I’m starting with R, and I’m facing an issue but I ignore its origin, so I come here to ask for your help and I hope you will be able to help me I have a dataset containing the following columns: Y = response trt : 1st explanatory variable lot : 2nd explanatory variable Location : is the column to group my data, so “aov” runs by Location. My objective is to extract Tukey-test goup letters output + Studentized residuals to flag outliers.

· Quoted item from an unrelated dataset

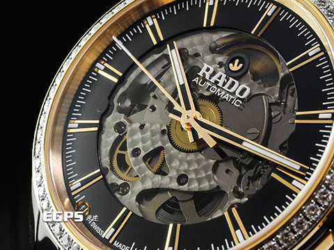 原廠鑲嵌鑽石錶圈 金色PVD塗層不鏽鋼+黑陶瓷錶殼 鏤空面盤 大三針

For that , I’m using the following code :
library(multcomp)
library(multcompView)
library(dplyr)
library(tidyr)
library(na.tools)
library(tibble)
#My datasets and my variables
output <- as.data.frame(dataset)
output$response <- as.numeric(output$response)
output$trt <- as.factor(output$trt)
output$lot <- as.factor(output$lot)
output <- output %>%
group_by(location) %>%
mutate(row=row_number(),unique_trt = n_distinct(trt), unique_lot = n_distinct(lot), var = var(response, na.rm = TRUE))

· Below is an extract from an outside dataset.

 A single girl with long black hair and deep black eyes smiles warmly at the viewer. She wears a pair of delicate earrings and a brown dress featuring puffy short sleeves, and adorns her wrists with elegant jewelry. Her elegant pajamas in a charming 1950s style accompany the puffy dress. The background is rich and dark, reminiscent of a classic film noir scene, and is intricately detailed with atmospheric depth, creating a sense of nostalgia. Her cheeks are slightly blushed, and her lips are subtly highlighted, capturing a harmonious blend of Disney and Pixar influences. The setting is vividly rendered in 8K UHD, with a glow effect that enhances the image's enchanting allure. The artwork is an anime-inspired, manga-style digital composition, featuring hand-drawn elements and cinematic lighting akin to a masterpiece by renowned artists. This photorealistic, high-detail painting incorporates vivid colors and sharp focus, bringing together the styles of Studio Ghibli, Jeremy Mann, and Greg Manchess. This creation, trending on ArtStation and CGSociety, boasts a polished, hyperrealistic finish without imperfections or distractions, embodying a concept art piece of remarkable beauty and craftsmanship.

# create a subset dataset where I use filter to exclude cases where one of the factors has only 1 level and where variance in data is null
lsplit <- output %>%
filter( var != 0 & unique_trt != 1 & unique_lot != 1)

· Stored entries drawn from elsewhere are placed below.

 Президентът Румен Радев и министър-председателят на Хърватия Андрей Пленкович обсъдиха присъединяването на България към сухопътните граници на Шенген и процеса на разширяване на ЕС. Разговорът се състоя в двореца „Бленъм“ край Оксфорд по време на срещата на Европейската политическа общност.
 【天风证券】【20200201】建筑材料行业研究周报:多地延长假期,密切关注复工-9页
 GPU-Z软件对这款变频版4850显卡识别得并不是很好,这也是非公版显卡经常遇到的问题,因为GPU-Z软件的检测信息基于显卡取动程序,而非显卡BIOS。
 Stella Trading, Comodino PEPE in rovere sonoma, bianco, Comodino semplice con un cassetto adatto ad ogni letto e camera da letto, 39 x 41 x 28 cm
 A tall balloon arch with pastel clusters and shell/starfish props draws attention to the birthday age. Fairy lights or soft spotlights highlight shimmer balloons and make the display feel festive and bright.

lsplit <- lsplit %>% mutate(response3 = replace_na(response, mean(response, na.rm = TRUE)))
# split my sub-dataset by "location"
lsplit <- split(lsplit, ~ location)
# Create a function of lm and TukeyHSD to apply by "Location" and combine the output to the original dataset "output"
all_results <- lapply(lsplit,function(x){
model <- aov(reponse3 ~ trt + lot, data = x, na.rm=TRUE)
tukey <- TukeyHSD(model)
cld <- multcompLetters4(model, tukey)
TK <- group_by(x,trt) %>% summarise (mean = mean(response3, na.rm=TRUE)) %>% arrange(desc(mean))
cld <- as.data.frame.list(cld$trt)
TK$cld <- cld$Letters
x$stud_resid <- studres(model)
x <- left_join(x, TK, by = "trt")
x
})
output <- left_join(output,bind_rows(all_results) %>% select(location, mean, stud_resid, row, cld) , by=c("location", "row"))
This code works perfectly for a sample of locations that I’m using for testing, but once I apply it to the whole dataset (I’m using it on a dataset of around 20 M rows in Power query), I get an error message and I don’t know from which location this comes, that’s why I can’t provide an example to reproduce the error. Here is the error message I get :
“ Error in vec2mat(x) : 36 NAs not allowed, found in x” Any help os most welcome Thank you in advance for your help !